Invoking the words of constitutional scholar Laurence Tribe, Gleicher concluded that the law “forces a pregnant woman to forgo her reproductive choices and to instead serve as 'an involuntary vessel entitled to no more respect than other forms of collectively owned property.'"

Planned Parenthood of Michigan filed a lawsuit in May, successfully resulting in the suspension of the law. As a regular donor to Planned Parenthood, Gleicher reassured that she remained "unbiased and impartial" in her ruling. As Republicans control the Michigan Legislature, an appeal is possible. Spokesman Gideon D’Assandro confirmed “the House is reviewing the ruling."

Governor Gretchen Whitmer has filed a separate lawsuit asking the state Supreme Court to intervene and usurp the case from lower courts.

She said Wednesday: “With our rights still hanging by a thread, the Michigan Supreme Court needs to provide certainty."

Gleicher's decision comes just days before the Michigan Supreme Court is set to rule on whether or not to allow a new constitutional amendment to make it onto the November midterm ballot. If ratified, the amendment would solidify the right to abortion in the state.

The court will likely rule in favor of the the Reproductive Freedom for All bill, as a Michigan Bureau of Elections staff report recommends they approve the petition in support of the amendment, as it contained over 700,000 signatures.
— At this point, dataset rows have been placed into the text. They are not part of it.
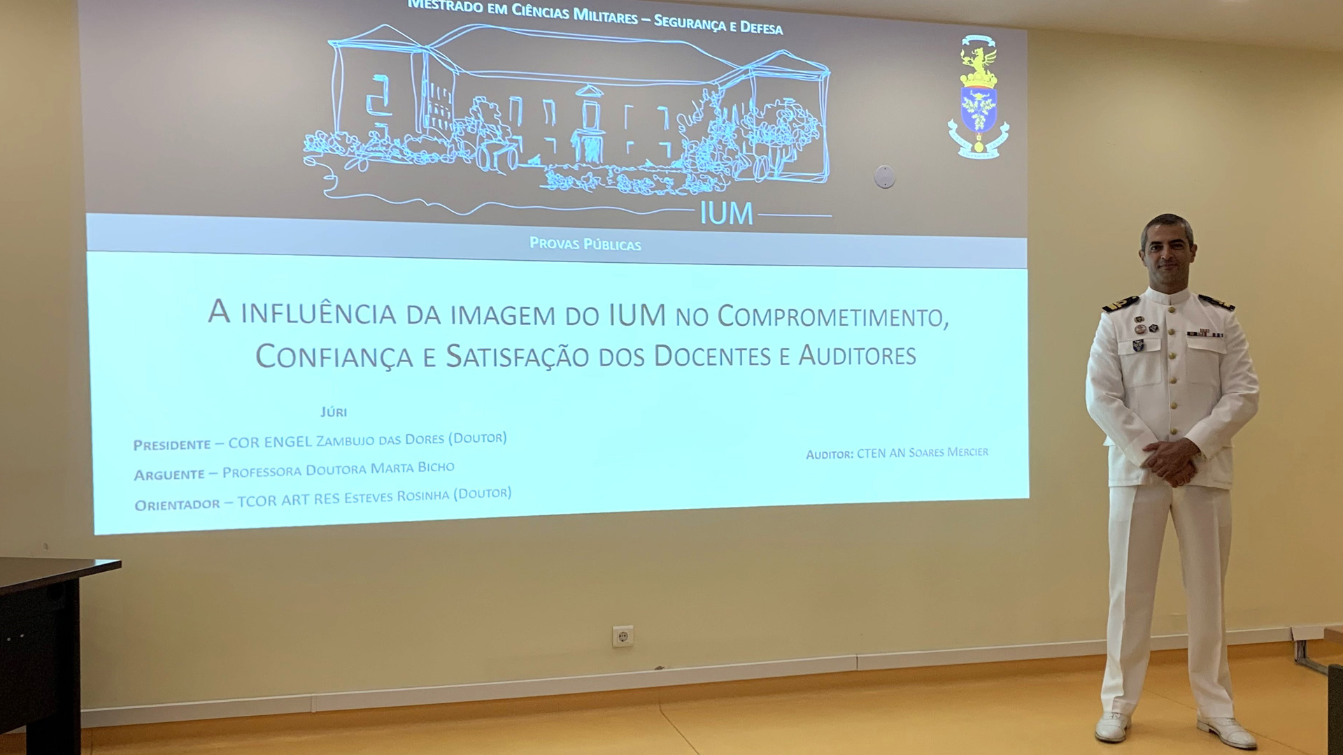 A prova consistiu na discussão pública da dissertação intitulada “A influência da imagem do Instituto Universitário Militar no comprometimento, confiança e satisfação dos docentes e auditores” do candidato Capitão-Tenente Bruno Alexandre Soares Mercier, da Marinha.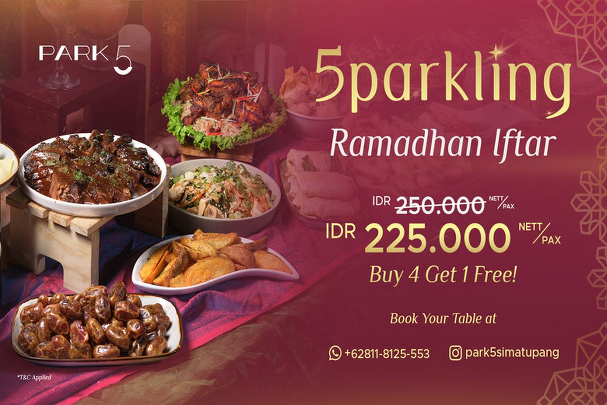 Sebagai informasi, paket 5Parkling Ramadhan Iftar menyediakan kapasitas hingga 250 pax dengan pilihan area indoor, outdoor, dan private room sehingga cocok untuk berbagai kebutuhan berbuka puasa.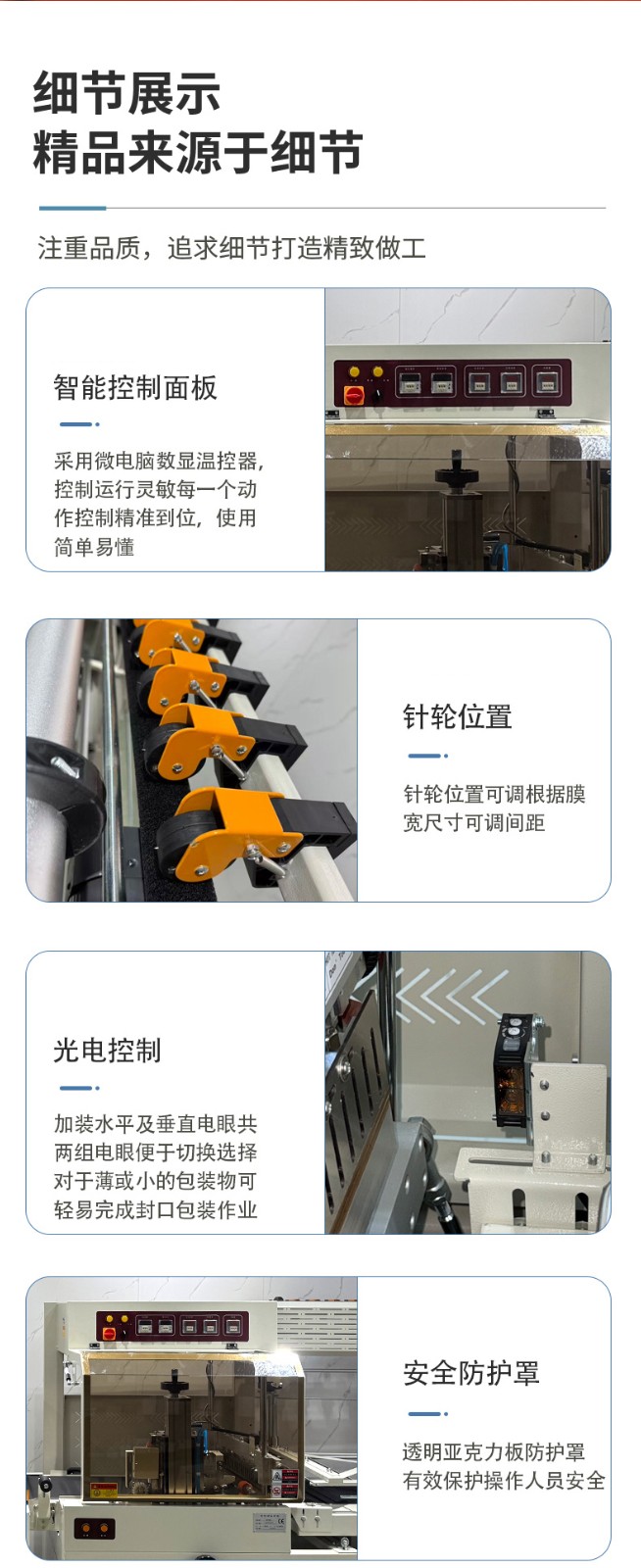 - Precision Detection Photoelectric Sensor: Equipped with imported detection photoelectric sensors, including one set each for horizontal and vertical detection, which is convenient for switching and selection. It can accurately detect the position and size of the product, and can easily complete the sealing and packaging operation even for thin and small packages, ensuring the accuracy of the sealing-cutting position and thus realizing centered sealing.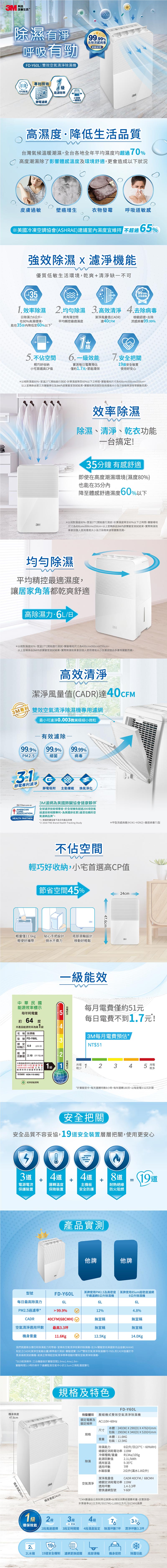 3M 淨呼吸 FD-Y60L 雙效空氣清淨除濕機-6公升

The amendment would guarantee the "individual right to reproductive freedom, including right to make and carry out all decisions about pregnancy, such as prenatal care, childbirth, postpartum care, contraception, sterilization, abortion, miscarriage management, and infertility."

The amendment would also prevent law enforcement from prosecuting individuals who have abortions, or those who assist them, directly contradicting the 1931 law.